Труп завернули в полотно – его привезли полицейские, – обвязали веревкой, потом погрузили на лошадь и отправились туда, где оставили коляску с кучером, а также телегу, которую захватили благодаря Мишелю, толково объяснившему о находке.

Зыбин и Чиркун ехали в коляске, остальные верхом. Виссарион Фомич, казалось, вновь дремал, несмотря на неудобства бездорожья, из-за чего коляска подпрыгивала и сотрясалась, издавая жалобное скрипение. Как она не развалилась на ухабах под тяжестью трех человек, включая кучера? Но личная безопасность в ветхой коляске не волновала ни Зыбина, ни Чиркуна, похожего на мясника сложением и на мечтателя лицом; он набивал в курительную трубку табак и вдруг легонько ткнул ею в выступающий живот Зыбина:

– Такой же случай у нас уже был: тоже девица, найденная на прошлой неделе, тоже юная и тоже резаная вена.
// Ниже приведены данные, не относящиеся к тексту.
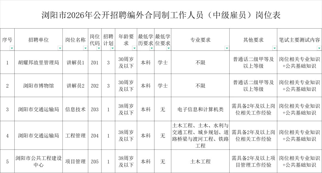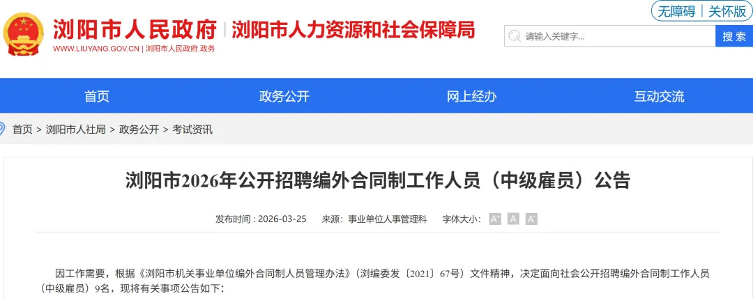 3月25日,浏阳市人力资源和社会保障局发布浏阳市2026年公开招聘编外合同制工作人员(中级雇员)公告。公告显示,因工作需要,根据《浏阳市机关事业单位编外合同制人员管理办法》(浏编委发〔2021〕67号)文件精神,决定面向社会公开招聘编外合同制工作人员(中级雇员)9名。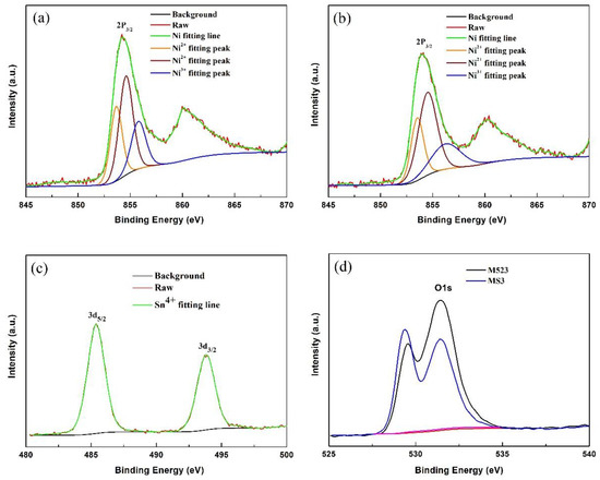 XPS spectra of the synthesized materials: Ni 2p3/2 (a) spectra of M523, Ni 2p3/2 (b), Sn3d (c) spectra of MS3, O1s (d) spectra of M523 and MS3.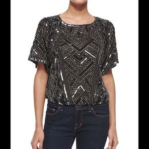NEW Parker Black Post Short-sleeve Beaded Top Size XS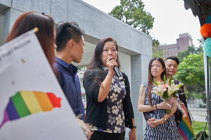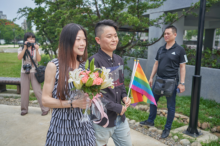 民政處張力可處長指出,今天參與的兩對同性伴侶新人中,其中翊廷與佩茹恰巧相識於4年前的5月24日,翊廷表示,每年的生日願望就是希望有一天臺灣能夠認同同性婚姻,幸運的是,2人在交往過程中,並未受到太大的阻礙,更開心能擁有彼此親友的認同與支持,更加深彼此相守一生的決心, 2人決定把這個值得慶祝的日子當作結婚紀念日,一圓多年來的生日願望。「謝謝你們為我們做這麼多!」另一對新人王凡與曉盈也感性發言,感謝在場民眾與市府團隊的祝福,她們說,2人從國小就認識,自19歲時開始交往,經過20餘年的相知相守,即便剛開始遇到一些挫折,終於在今日修成正果,也感謝市府舉辦結婚派對支持,期盼所有人都能歡喜的迎接這份得來不易的愛情果實。
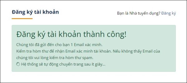 – Bạn đăng nhập vào email đăng ký tài khoản ứng viên đã nhập ở trên, tiếp tục mở email xác minh tài khoản “Thông tin xác minh tài khoản” và làm theo hướng dẫn trong email.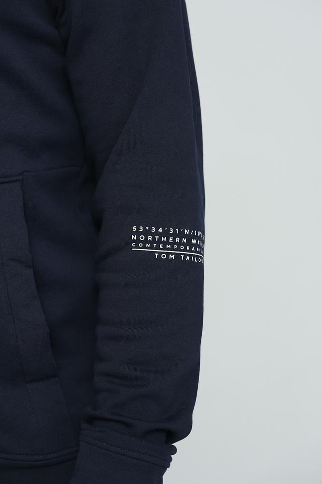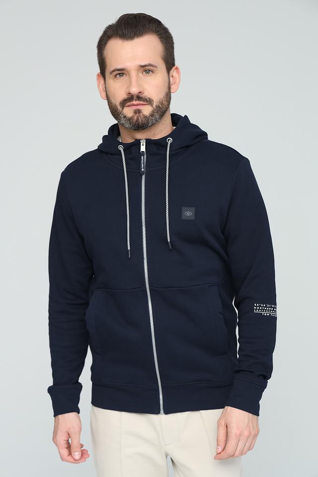 Мужской кардиган Tom Tailor синего цвета с застежкой на молнии и капюшоном. Изготовлен из мягкого хлопка, обеспечивающего комфорт и удобство в носке. Отличный выбор для повседневного образа. Состав: хлопок 100%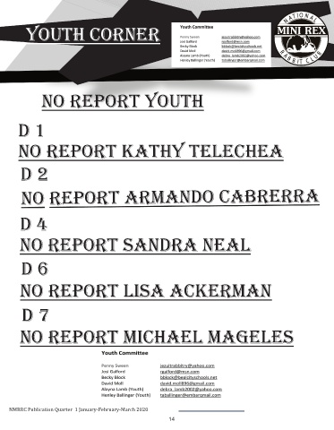 Youth Corner No Report Youth D 1 No Report Kathy TElechea D 2 NO REPORT Armando Cabrerra D 4 NO REPORT Sandra Neal D 6 NO REPORT Lisa Ackerman D 7 NO REPORT Michael Mageles NMRRC Publication Quarter 1 January-February-March 2020 14
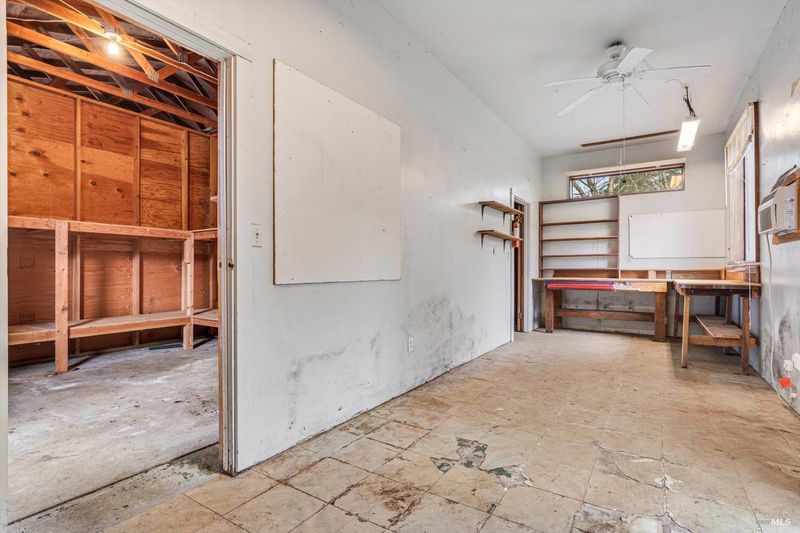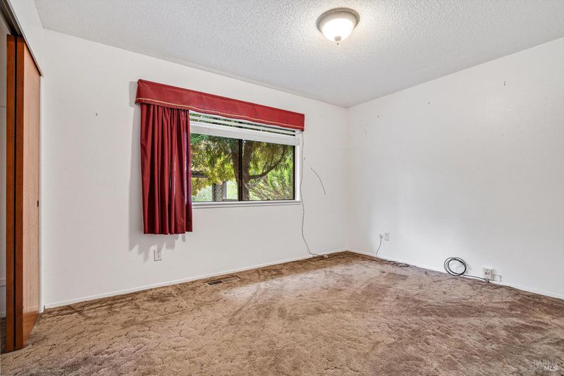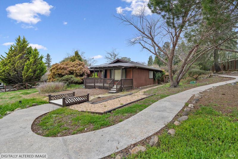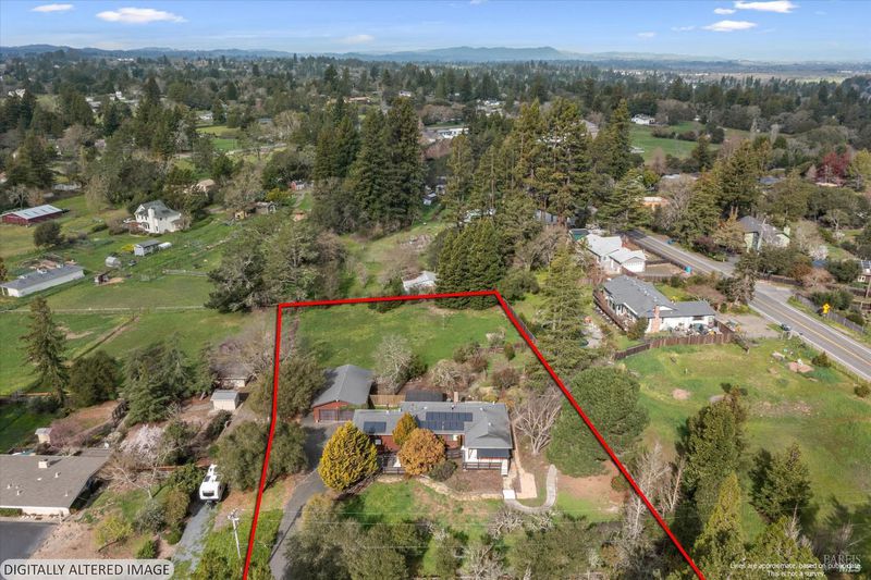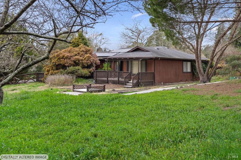 Predominantly single level home on a beautiful, usable, 1.25 acres in the Sebastopol countryside. A long wheelchair accessible ramp facilitates access to the front door from the driveway parking areas. The parcel itself is level to gently sloping with a small orchard in front, and a good sized, vehicle accessible pasture in back with fenced garden area and your own private redwood grove! Public records indicate 4 bedrooms, but only 3 are currently present. Significant past upgrades were made to the kitchen and both bathrooms. The kitchen has beautiful custom wood cabinetry, high quality windows, tile counter surfaces and floor, and a unique sculpted glass ceiling light fixture custom made for the prior owner. Custom wood trim and corbels highlight the dining room just off the kitchen. There are separate living and family rooms with wood flooring, including a pass thru bar from kitchen and 2 solar tubes in the family room. The apparent original garage has been converted; one can now enjoy a very large 2nd family room with multiple potential uses (has been used in the past as an Art Studio) featuring custom stained glass windows, open beam ceilings, a raised brick hearth with wood stove, mini split, and abundant storage. The Primary Suite features a shower over the large jetted tub, a walk-in closet with built-ins, and French patio doors to a completely screened-in, covered deck for year round outside enjoyment. I counted 19 solar panels on the roof (owned). The detached garage/shop building is approximately 26' x 40' (1,040 +/- sq. ft.!) which could comfortably accommodate 4+ cars PLUS shop space if the interior walls were reconfigured. The long driveway approach has room for an estimated 6-8 additional vehicles plus through access along the garage/shop to the rear portion of the property. Don't miss the small redwood grove at the top of property, a peaceful refuge and "cool spot" providing residents and visitors alike with a contemplative space and feeling of solitude right at home.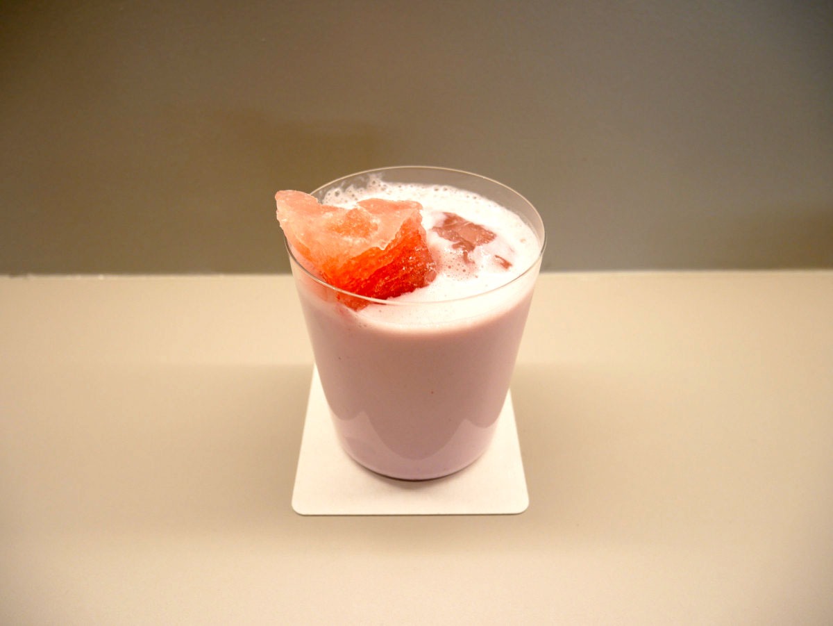 淡い桃色の水晶、ローズクォーツをイメージした氷は、グラデーションが美しく、ドリンクから飛び出る存在感。いちごのジュレが入っていて、すべて店内で手作りしています。溶けて形が変わっていく様も癒されます。ローズクォーツの石言葉は「愛」や「優しさ」、「美しさ」と言われていて、恋愛運アップにもよく選ばれる石だそうです。ホワイトデーにぴったりですね。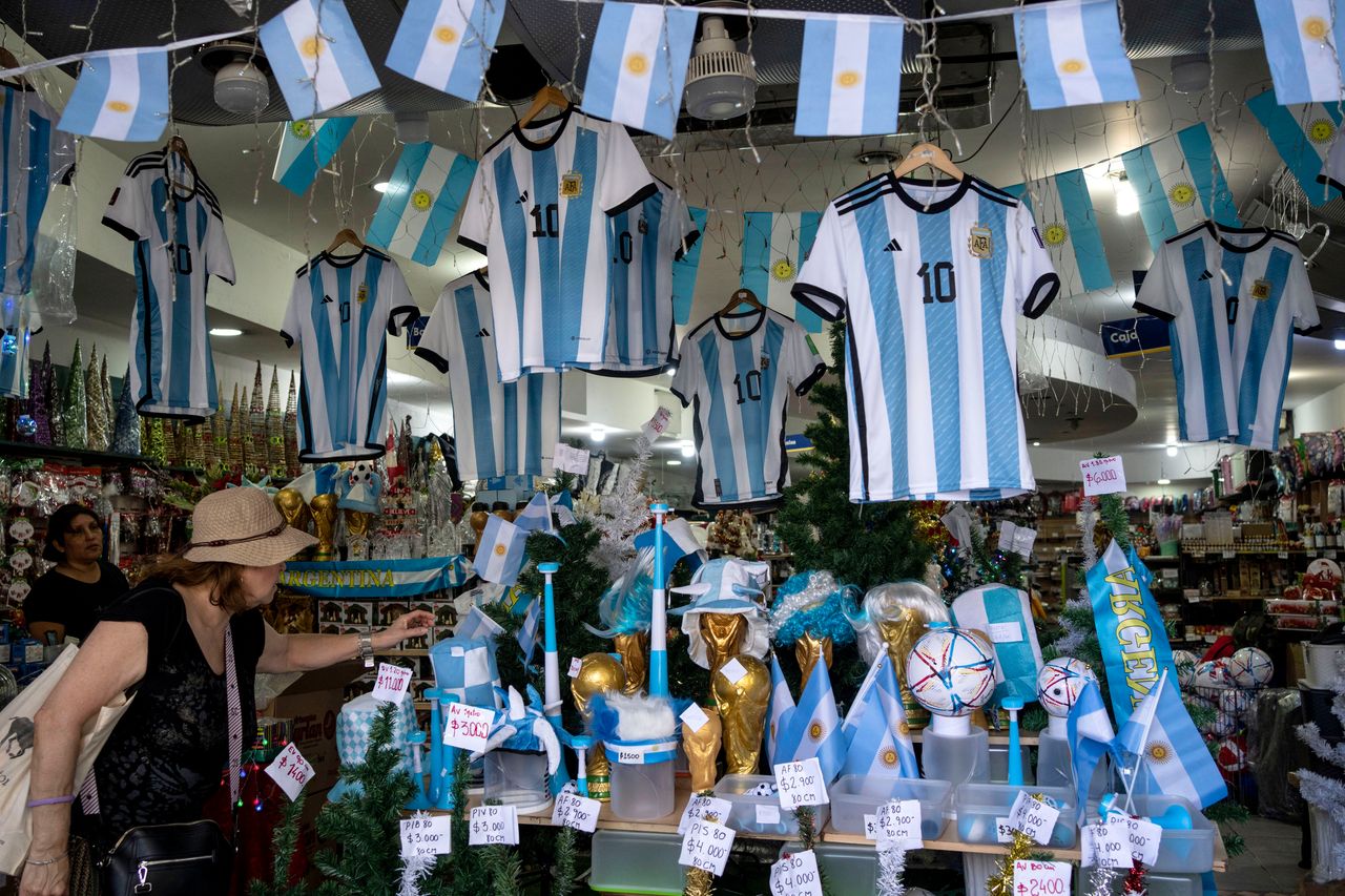 世界盃決賽對陣法國前夕,布宜諾斯艾利斯一家商店正在銷售阿根廷足球隊周邊商品。圖片來源:Rodrigo Abd/Associated Press這場比賽可能平息一場從體育小報到公交站再到探戈酒吧的激烈爭論:誰是有史以來最偉大的阿根廷足球運動員——梅西,還是已故的迭戈·馬拉多納?兩人在球場上的相似之處令人驚歎:身材矮小、速度驚人的進攻手,以穿着10號球衣時左腳的致命威脅聞名。儘管梅西在其二十年歐洲職業俱樂部生涯中積累了更多進球和助攻,但馬拉多納曾為阿根廷捧回一座世界盃冠軍獎盃。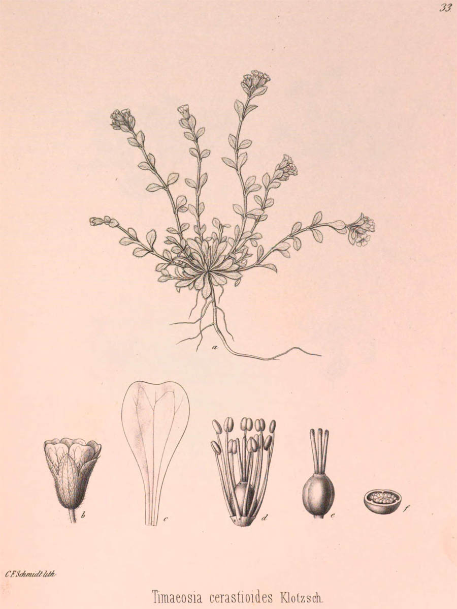 Протолог рода Timaeosia Klotzsch (Die botanischen ergebnisse der reise Seiner Königl. Hoheit des prinzen Waldemar von Prussen in den jahren 1845 und 1846 [Klotzsch & Garcke]: 138, t. 33. 1862; тип: Timaeosia cerastioides Klotzsch (= Acanthophyllum cerastioides (D. Don) Madhani & ZarreBig smile image: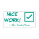 Ce design inspirant de timbres en caoutchouc comprend le message de louange "NICE WORK!" et un nom de tuteur personnalisé. Il pourrait être utilisé par un enseignant, un éducateur ou un tuteur pour évaluer le travail des élèves, pour indiquer qu'un étudiant a fait un travail exceptionnel.

Помните, Виссарион Фомич?

– Помню, помню.

– Как! – вмешалась в диалог Марго, ведя свою Ласточку вровень с коляской. – Еще одна девушка? С такой же раной? И вы молчали?

Тот, кто умолчал о предыдущей несчастной, понял, к кому обращается ее сиятельство, посему приоткрыл один глаз и скосил его на наездницу, промямлив:

– Недосуг было, сударыня, мы занимались живыми покойниками с чародеями – весьма занимательными историями, вам, как никому, это известно.

Его совиное веко опустилось, Зыбин снова впал в дрему, изредка шевеля и причмокивая толстыми губами. Чиркун раскурил трубку и, устроившись поудобней, несколько минут любовался пейзажами, тем не менее мысли его крутились вокруг находки, о чем он задумчиво проговорился:

– Сдается мне, и та девица, и эта – одних лихих рук дело.

– Одних, батенька, одних, – согласился с ним Зыбин, на этот раз не соизволив приоткрыть хотя бы один глаз.

Марго стегнула Ласточку, догнала брата и Сурова, которые ехали впереди, поставила лошадь между ними и углубилась в мысли.

3

Начало лета отличалось стабильно-ветреной погодой и частыми осадками, народ до сих пор облачался в плащи и куртки, некоторые еще не сняли сапожки. Но это как раз неплохо, Камилла не любила жару, от которой никуда не спрячешься, – только в помещении с кондиционером, да и то! Небольшое это счастье – искусственный холод, кстати, натуральный холод сохраняет кожу, поэтому она предпочитала его из чисто практических соображений.

Когда Эрик остановился неподалеку от ресторана «Нэпман», не на парковке, откуда выехать и влиться в общий поток автомобилей бывает чрезвычайно сложно, а на углу квартала, Камилла стащила с себя плащ, вызвав у добровольного (и бесплатного) водителя удивление:

– В одном платье пойдешь? Не замерзнешь?

– Переживу, – кидая плащ на заднее сиденье, ответила она. – Возможно, мне придется лететь оттуда… э… стрелой. Не оставлять же плащ в гардеробе.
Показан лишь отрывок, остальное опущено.